TORRENS, Hugh, William Smith blg, Keele University, Room 101, Staffordshire, ST5 5BG, United Kingdom, h.s.torrens@keele.ac.uk

Smith’s pioneering stratigraphy, started in Somerset in 1791 amid excavations for coal and canals, began his collection of high quality fossils. He continued collecting as employers took him all over England, Wales, and a part of Scotland until July 1815, when the rescue of his traumatic financial situation had to start with its enforced sale to the British Museum [BM]. His friend John Farey, in August 1819, wrote that those specimens which had been described in Smith’s published books,“had been almost entirely collected” in the previous century. His not yet 15 year old apprentice nephew, John Phillips (1800-1874), gave help with the first, Strata Identified, 1816-1819, (but only 4 of 7 parts), and greater help with the second, Stratigraphical System, 1817 (only part 1 of 2 published). Phillips stated that the sum paid to Smith for the collection, and its careful curation by him and his uncle, was £700, for 693 species and 2657 specimens.
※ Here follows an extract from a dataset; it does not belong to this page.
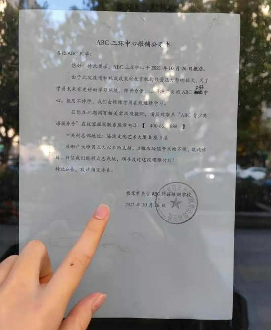门上还张贴着“撤铺公示书”,其中提到,该门店于10月26日撤店,“为了学员未来有更好的学习环境、师资力量,公司决定关闭ABC三环中心。撤店不停学,我们会保障学员在线继续学习”。

Smith clearly hoped for a larger sum than he received. A letter of September 1815 shows that he already expected this amount just as ‘an advance’. A first problem was that English expertise then had no idea how such a unique collection was to be valued. Minerals were objects of beauty, and £13,727 had been found, shortly before, for the BM’s purchase of the Greville collection, of 14,800 specimens. Fossils were different; and their value in prospecting for other minerals, not yet established. It did not help that his collection had gone to an institution which was essentially taxonomic in focus, or that its BM curator was an unsympathetic German, who saw no value in such novel stratigraphy. Smith in 1838 noted “how his collection lay in obscurity”, while Phillips was unable to discover its state in 1844. It was only accessioned by the BM in 1885, after all natural history had moved to South Kensington.

Smith’s collection has been the subject of fine papers, on its taxonomy by L. R. Cox (1930), and on the machinations of its sale by Joan Eyles (1967). When Cox came to examine it, it comprised ”about 2000 (including 275 rock specimens) out of the original 2657". This contribution will discuss a) its novel curatorial system, which ensured high ‘data security’, b) its present state, and c) the lessons it should teach us.